I'm not sure if it was intentional on the creators' part, but Gongaga is entirely skippable in the original game. None of the Zack-related story bits there are essential and are (or could be) covered elsewhere; the most important things missed are some Huge Materia foreshadowing and unique materia for the party.
 
Last edited:

Wagram

Banned
Nov 8, 2017
2,443
As long as they're quality and content filled then sure. I'm not llooking at this as a single title anymore. The ambition for the remake is high.
 

PlanetSmasher

The Abominable Showman
Member
Oct 25, 2017
115,666
One of the most well received Final Fantasy games came out 3 months ago. During the course of the remakes development we'll no doubt see another new mainline game as well as a handful of new XIV expansions.

Disliking Square's handling of the remake is something I get, even I don't agree. I just don't see how it's at all reflective of the future of Final Fantasy. Final Fantasy games will continue to be developed and released alongside the various parts of the FF7 Remake.

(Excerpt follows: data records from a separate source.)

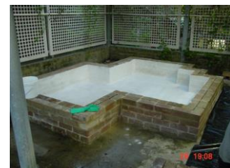
Leave overnight between coats.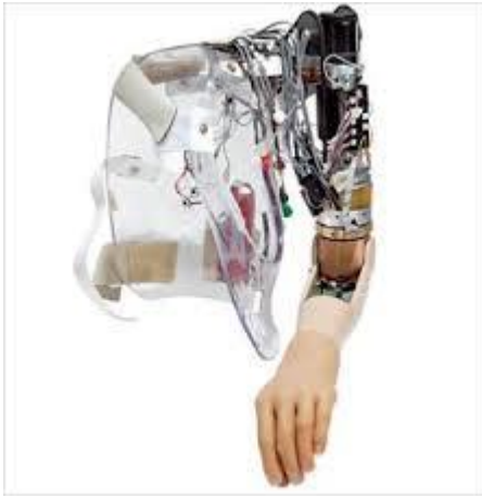
Figure 3: bionic arm

In a commentary published in The Lancet medical journal, Dr Leigh Hochberg, a neurologist at Massachusetts General Hospital, said early results for the new operating system for the limb were "an important step forward in the seamless integration of replacement limbs into the body".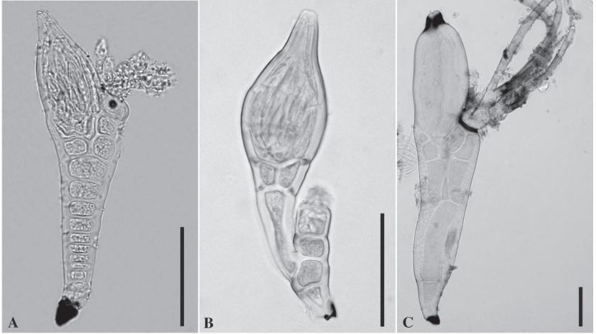
PLATE 1. A. Blasticomyces lispini (FH 00313486). B. Cantharomyces orientalis (FH 00313465). C. Laboulbenia anoplogenii (FH 00313461). Scale bars = 50 \mu m.

studied thallus differs from the original description of B. lispini in displaying shallow blackening of the outer margins of receptacle basal cells 2–4.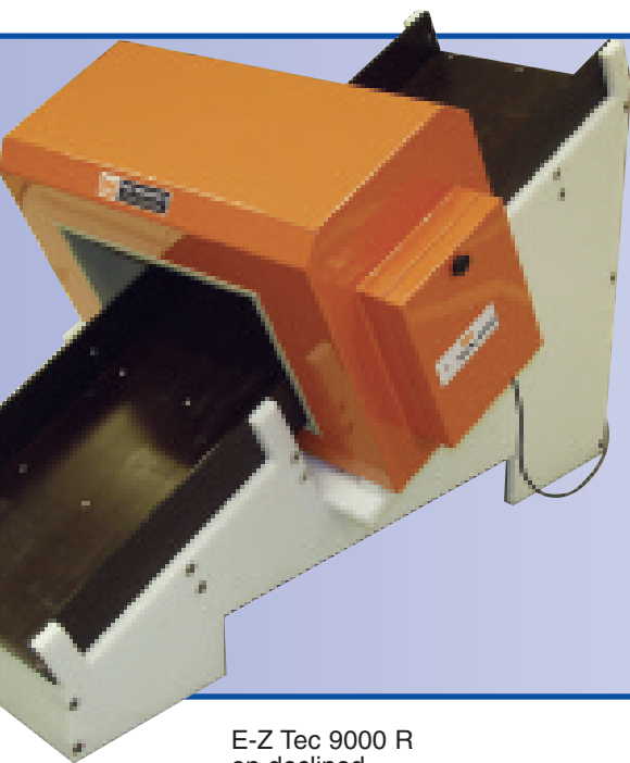
E-Z Tec 9000 R on declined chute

Notes: Larger aperture models will be available in the future. For throughput data, please consult our sales office.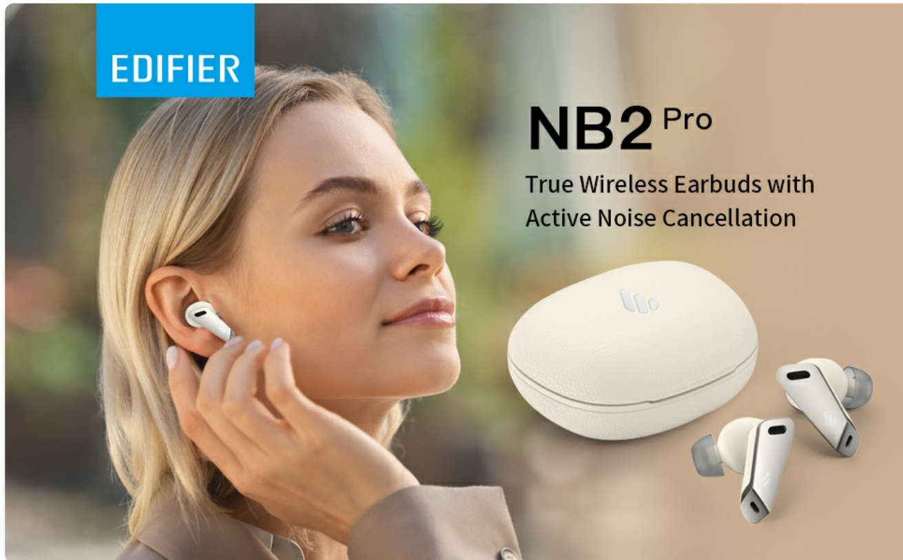
Image: Edifier NB2 Pro True Wireless Earbuds and charging case.

Thank you for choosing the Edifier NB2 Pro True Wireless Earbuds. These earbuds are designed to provide a superior audio experience with advanced features such as Hybrid Active Noise Cancelling, Bluetooth 5.0 connectivity, and app control. This manual will guide you through the setup, operation, and maintenance of your new earbuds to ensure optimal performance and longevity.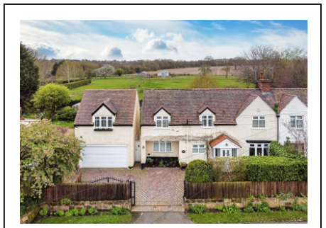
15 Birches Road, Codsall, Wolverhampton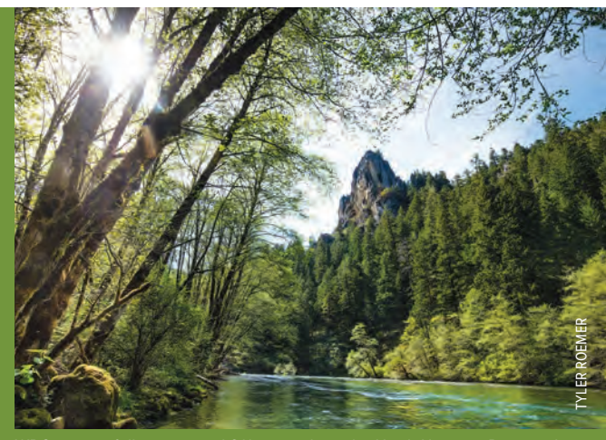
WRC successfully conserved 211 acres along the North Umpqua River and ensured a mile of the North Umpqua Trail will stay public forever.

The Umpqua and Rogue are the only two coastal rivers in Oregon with headwaters in the Cascade Range. All other coastal rivers rise in the lower-elevation Coast Range. Fed by snowmelt, the North Umpqua flows clean and cold year-round, its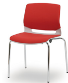
DM1-106 22 x 20 x 31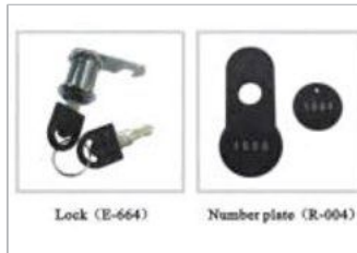
K001 2.12 USD

The lock for locker cabinet. There is number list attached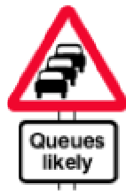
Traffic queues likely ahead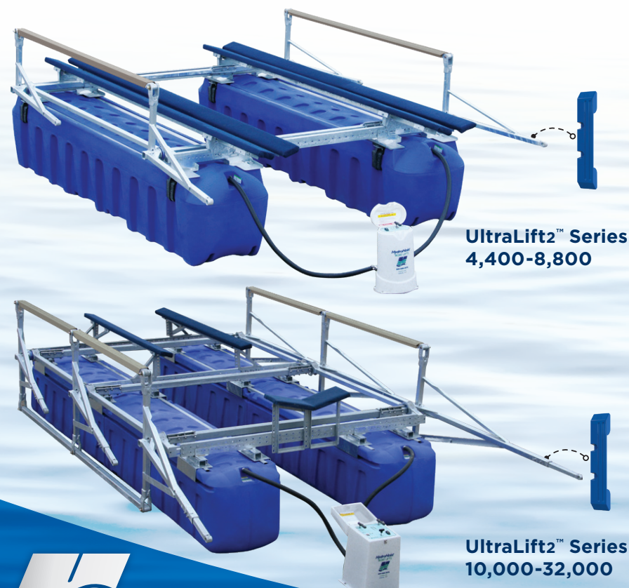
UltraLift™ Series 4,400-8,800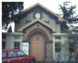
1 port melbourne courthouse police station & lock up bay street port melbourne front view courthouse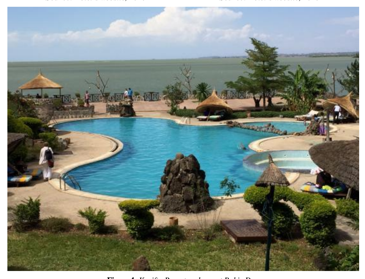
Figure 4. Kuriftu Resort and spa at Bahir Dar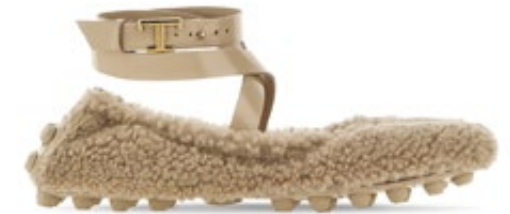
OI - B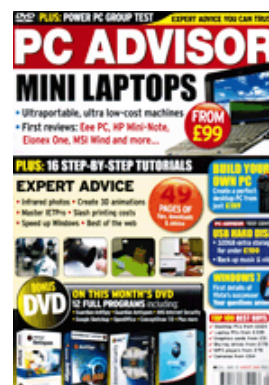
PC Advisor, issue 157 (page 58)

Auslogics BoostSpeed can protect you from identity theft. Being a computer optimization tool, it also includes useful privacy and security [tools].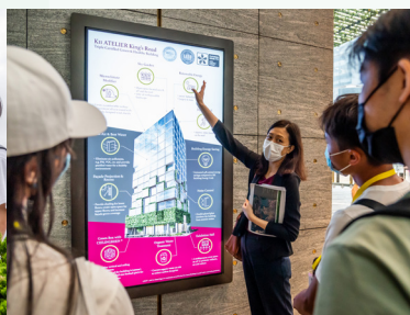
K11 ATELIER King's Road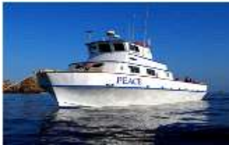
Peace Dive Boat

For more information please contact Glynn @ 310-266-2955 (Glynn now has a new address—31316 Via Colinas, Westlake Village)

Forgive me if I don't have much faith in Square and their "we can only talk about one game at a time" marketing strategy. We haven't heard one shred of information about the next mainline game and it sounds like we won't for quite a while because they're only allowed to talk about FFVIIR Prologue. I won't be surprised at all if they refuse to talk about XVI until the whole remake is done, since they're treating this nonsense like a mainline game.

Yup. The people who believe this is going to be three parts total are being incredibly optimistic. Sure, Part One leaves them with models for more than half the playable cast, plus the battle system set in stone, but there will still be a whole lot of town, enemy, and other assets left to take care of. Doubt there'll be a traditional overworld; it'll probably be linear, FFX-style.

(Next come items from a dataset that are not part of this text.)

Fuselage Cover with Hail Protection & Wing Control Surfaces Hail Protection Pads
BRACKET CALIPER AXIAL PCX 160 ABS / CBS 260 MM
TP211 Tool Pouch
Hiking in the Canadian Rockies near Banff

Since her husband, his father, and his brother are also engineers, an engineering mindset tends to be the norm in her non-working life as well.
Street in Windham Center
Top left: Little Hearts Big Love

I would hope everyone would riot if they pulled FFX's bullshit overworld for the remake. Menu overworlds are terrible.
 

entrydenied

The Fallen
Oct 26, 2017
7,565
The problem with it is that between Kalm and that first visit to the Northern Crater you have visited every single portion of the world map except the minor side areas only reachable by the Highwind or Gold Chocobo. Most of the second half of the story is revisits of old areas outside of Mideel and the true final dungeon.

They are not going to build the ENTIRE GAME WORLD for the middle entry when they couldn't even manage a tiny sliver of it for part 1. They will probably cut the second chapter off after Nibelheim or Rocket Town.

I believe it is because they have to make the entire world it makes more sense for them to keep it to 1 game. Especially if it is some kind of open world. Imagine having to make midgar plus half a world or a quarter for the first part. It is easier to segmentised Midgar into the first game while building the battle system, the world and half the characters. And have more time to build the whole world enemies plus story for the second part. The third game can come faster than the second because almost all of the world is built already.
 

EtaMari

Member
Dec 17, 2018
335
It reminds me Life is Strange seasons and Resident Evil Revelation 2.
As long as it priced right and eventually will feel like one complete game, its OK.
The things that worries me are multiple parts for $30-60 + $ DLC + $ microtransaction.
They can end up with the game that is a masterpiece in some parts and disappointment in other.